Le GAEC Escupeyrat est parmi la dizaine de producteurs français contractés par Bergerac Seed & Breeding (BSB) pour cultiver des plants de tabac porte-graines. En recherche permanente sur les différentes variétés de Nicotiana tabacum, le semencier répond notamment aux nouvelles exigences de l'industrie de « l'e-cigarette ».

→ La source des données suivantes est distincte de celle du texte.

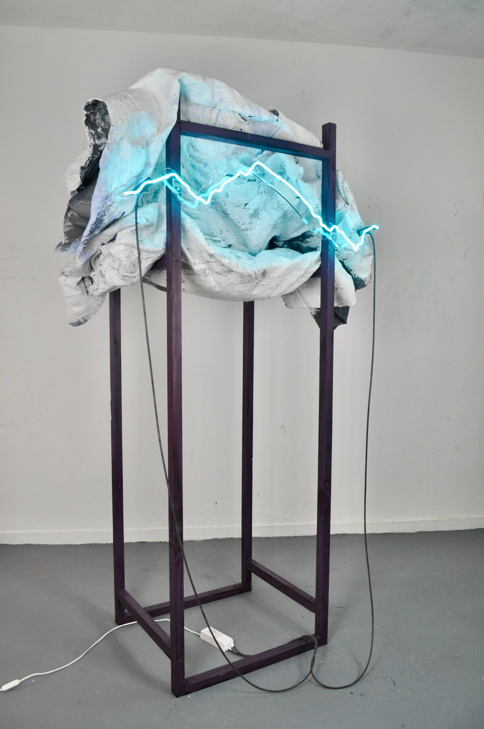 Η πήξη/στερεοποίηση, δηλαδή η αλλαγή της κατάστασης της ύλης, που χαρακτηρίζει αυτές τις γλυπτικές συναρμογές δημιουργεί ένα αντιθετικό αποτέλεσμα, μια παγωμένη ρευστότητα, σαν να προσπαθείς να κλείσεις έναν κεραυνό σε μπουκάλι, σαν να έχεις αιχμαλωτίσει ή καταψύξει ένα πυροτέχνημα.

Les plants de Nicotiana tabacum sont récoltés entre les mois de juillet et d'octobre, selon la variété cultivée et les conditions météorologiques. Depuis 2019, Christelle et Éric Escupeyrat en cultivent une variété destinée aux vapoteuses. Leurs plants sont plus petits que ceux cultivés traditionnellement en France, car cette nouvelle industrie requiert des feuilles avec une concentration plus élevée en nicotine. Les pratiques culturales ont également évolué avec, trois à cinq fois par saison, l'obligation de brûler les bourgeons afin de limiter le développement de la plante qui concentre ainsi ses molécules de nicotine. La dessiccation du tabac est réalisée dans des hangars plus ou moins aérés, avec un toit en tôle et sans étage. Comme dans les anciens séchoirs en bois, il s'agit le plus souvent de suspendre les feuilles afin d'en extraire l'eau avant l'arrivée de l'hiver.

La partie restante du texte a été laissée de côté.